Social network’s stock craters 19 percent on Thursday

Last Updated: July 27, 2018 @ 1:01 PM

Facebook just had an infamously bad day on Wall Street.

The social network closed down 19 percent on the day, shaving $120 billion off its market cap in the process — making it the biggest single-day hit in stock market history.

The nosedive replaces Intel’s $91 billion drop back in 2000 as the worst single-day performance in Wall Street history.

Down goes Facebook (via Google)

Facebook is now worth about $504 billion, after its underwhelming second quarter earnings sent investors running for the hills.

The drop was especially painful for co-founder and CEO Mark Zuckerberg, the company’s biggest shareholder. Zuckerberg had upwards of $15 billion erased from his net worth on Thursday — on paper, at least.

Facebook has been updating its platform to better safeguard users in the wake of the Cambridge Analytica data leak, when up to 87 million users had their profiles unwittingly accessed by the political firm. Executives, including Zuckerberg and COO Sheryl Sandberg, have made the rounds in recent months, telling reporters and Congress how the company plans to improve.

But the leak has largely been a non-issue for Wall Street — Facebook closed at an all-time high of $218 per share before its second quarter earnings were announced on Wednesday. The issue for Wall Street turned out to be money and users.

Facebook missed its revenue marks for the first time in 13 quarters, despite setting a company record with more than $13 billion in sales. Compounding matters, CFO David Wehner told investors on the company’s earnings call to not expect the same rapid sales growth in the quarters ahead. During the second half of 2018, Wehner said, “We expect our revenue growth rates to decline by high single digit percentages from prior quarters sequentially.” That comment was anathema to investors.

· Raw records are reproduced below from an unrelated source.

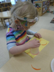 During our days in the classroom, we have had several activities that work all areas of development. Some art activities we did include stickers, drawing with markers, oil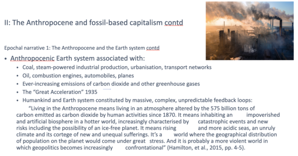 Two epochs we have entered is the Anthropocene where human pollution via carbon is now transforming the very planet we live on and Global Capitalism which is facilitating that global warming.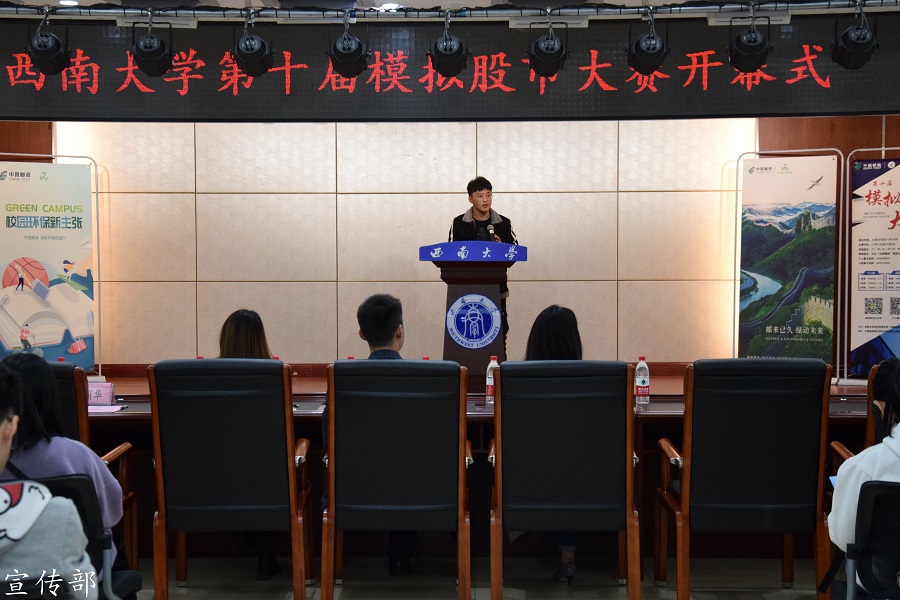 通过大赛组委会成员许文杰同学的讲述,同学们对大赛的赛制和评分标准有了详细的了解。本次大赛共由个人赛、团队赛和人气赛三个部分组成,每个账户都有100万的初始模拟资金。个人赛中,各选手独立进行模拟股市交易,在比赛结束时以收益率为准,收益率高者获奖。团队赛则以3至5名选手为一组,共同操作一个账户。与个人赛不同的是,团队赛设置小组展示环节。交流会上,各小组将以PPT形式分享团队分工及选股分析,并由专业股票人士进行评分。最终成绩收利率占比60%,交流会小组展示占比40%。参与人气赛的选手需将其对于股市的预测和分析评论发至组委会,中邮公司将筛选出质量较高的文章,在“新葡的京集团35222vip团委员工会”微信公众号进行网络投票。最终成绩证券公司专业人士打分占90%,网络投票占10%。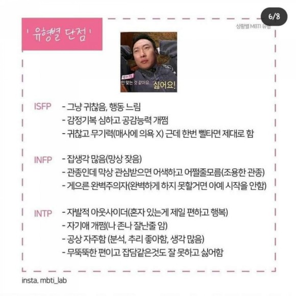 | 재미로 보는 MBTI - 유형별 극혐하는 것들 (1) | 2021.06.20 |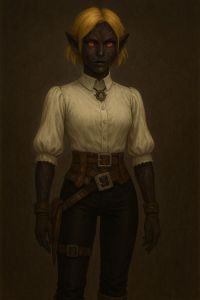 Diese kleine Gestalt ist auf den ersten Blick nur schwer als eindeutig weiblich oder männlich einzuordnen... doch die schwarze Haut macht recht deutlich klar, was man vor sich hat: Drow! Das Haar ist gelblich-weiß, und die Gestalt an sich ist schmal und sehnig. Was jedoch vor allem auffällt ist dass ihr Gesicht, ihre Arme, ja, jedes bisschen Haut, welches zu sehen ist, mit rötlichen, verschlungenen Linien übersät, und Körperschmuck ist an Augenbrauen, Nase, Lippe und vor allem Ohren angebracht, was jedoch meist eher verstörend als Interessant wirken dürfte. Ihr Gesicht ist scharf geschnitten, und von ovaler Form, jedoch mit einem spitzen Kinn. Ihre Wangenknochen sind hoch, die Nase eher klein. | Diese kleine Gestalt ist auf den ersten Blick nur schwer als eindeutig weiblich oder männlich einzuordnen... doch die schwarze Haut macht recht deutlich klar, was man vor sich hat: Drow! Das Haar ist gelblich-weiß, und die Gestalt an sich ist schmal und sehnig. Was jedoch vor allem auffällt ist dass ihr Gesicht, ihre Arme, ja, jedes bisschen Haut, welches zu sehen ist, mit rötlichen, verschlungenen Linien übersät, und Körperschmuck ist an Augenbrauen, Nase, Lippe und vor allem Ohren angebracht, was jedoch meist eher verstörend als Interessant wirken dürfte. Ihr Gesicht ist scharf geschnitten, und von ovaler Form, jedoch mit einem spitzen Kinn. Ihre Wangenknochen sind hoch, die Nase eher klein. | ||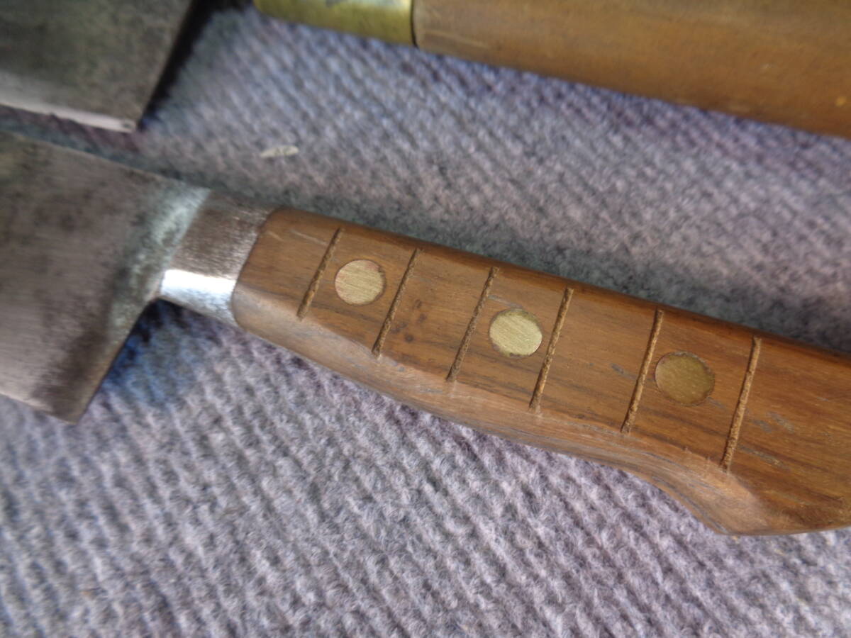 ①  正本銘   万能包丁  刃渡り約26cm/全長約39cm  かなり使用感あり。サビ痕多い。柄の切り込みあります。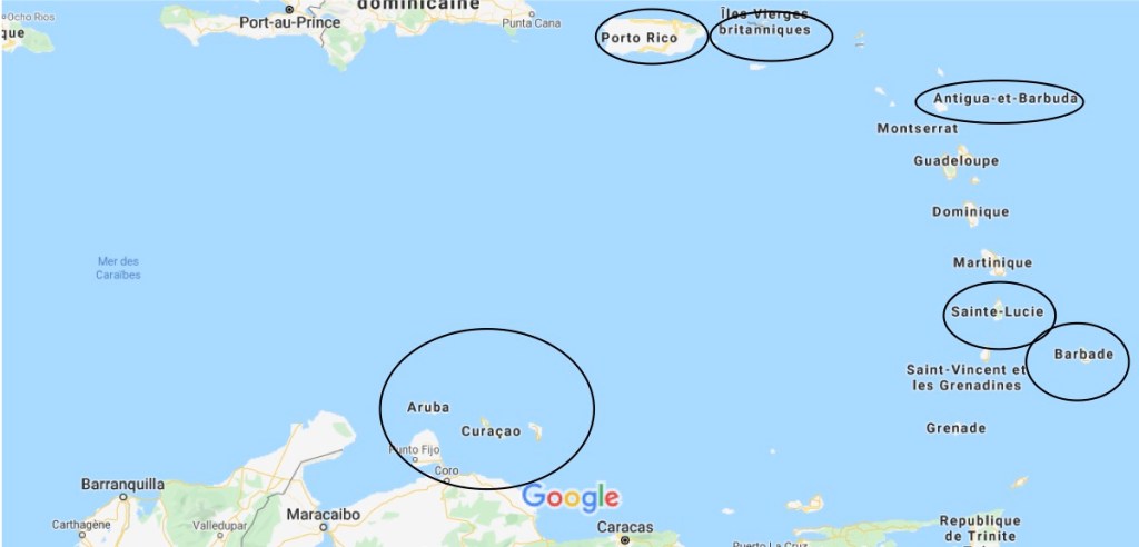 Ce voyage nous fera visiter plusieurs îles de la région des Caraïbes situées le plus à l’est. Nous serons dans les Petites Antilles qui s’éparpillent entre Puerto Rico et le Venezuela. D’ailleurs, cette région se subdivise entre les îles du Vent, celles qui sont à la limite des Caraïbes et de l’Atlantique, dont Sainte-Lucie et Saint-Christophe-et-Niévès. Les îles d’Aruba, Curaçao et Bonaire font partie des îles sous le vent, plus à l’ouest et plus près du Venezuela.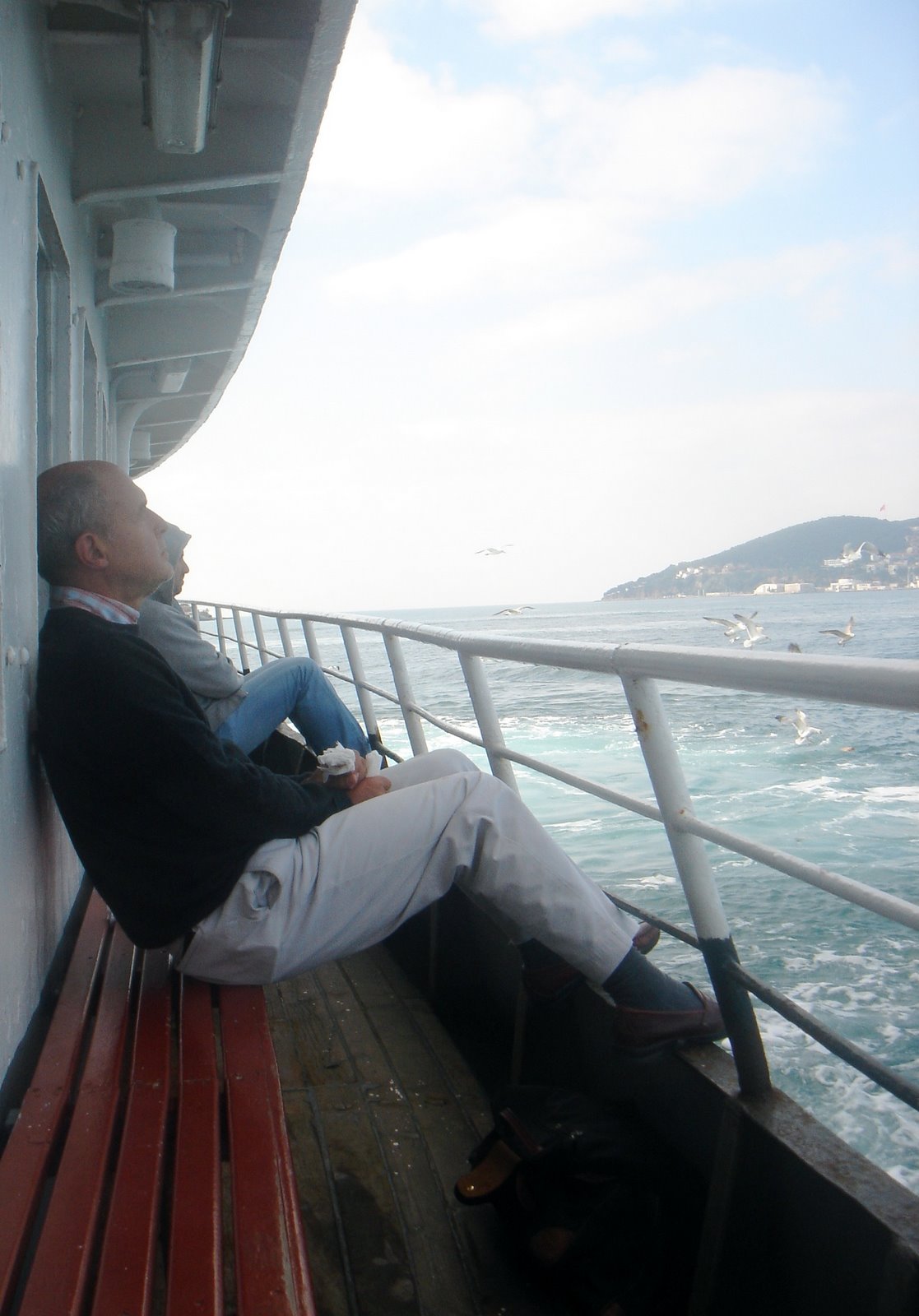 Her zamanki gibi son anda vapura yetisip vapurun iskele tarafinda Adalar’a nazir yerimi alacaktim ki Gunduz Vassaf’in gozlerini dinlendirmekte oldugunu gorup rahatsiz etmeyeyim dusuncesiyle daha ileriye gecmeyip buldugum yere oturdum usulca! Arada goz ucuyla, gozlerini acarsa bir merhaba diyeyim diye bakmaktayken, elinde tutmakta oldugu havlu kagitlara ve ayaginin atindaki cantaya gozum takildigi anda da yazmaya basladim: Ah! Boston’a donuyor zaar… Eh! Adalar’dan ayrilmanin huznuyle avuc dolusu kagit mendil, bir dahaki sezona degin yetecek kadar cigerlerine Adalar’in deniz havasini olabildigince doldurmak uzere basini da semaya kaldirmis olmali… Elveda Adalar… Elveda martilar… Elveda deniz… Gelecek seneye yine gorusecegiz! Ve dahi bu ani belgeleyeyim supriz bir mektupla da kendisine gondereyim diye gizlice alelacele bir fotografini bile cektim!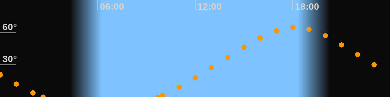 Höchster Stand (Kulmination)18:07 Uhr (h = 64.9°)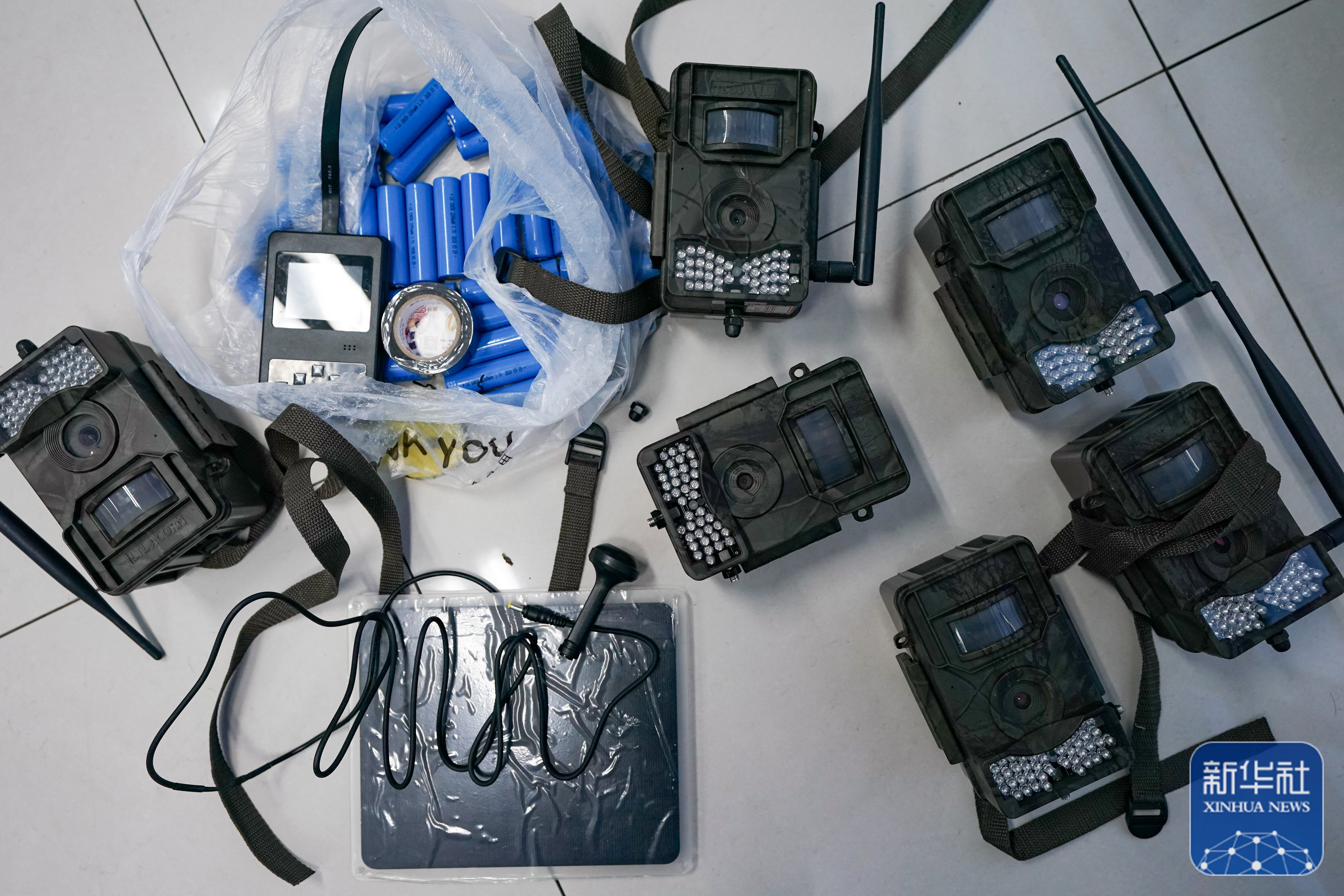 这是用于野生动物监测的红外相机、电池、太阳能板等设备(11月8日摄)。

Another issue for Facebook is user growth. The social network crawled to 1.47 billion daily active users in Q2, an increase of just 1.4 percent over Q1. That’s the company’s slowest quarter-over-quarter growth ever. Further, daily users in the U.S. remained static at 185 million people, while use actually declined in Europe, in part due to the implementation of new EU privacy laws.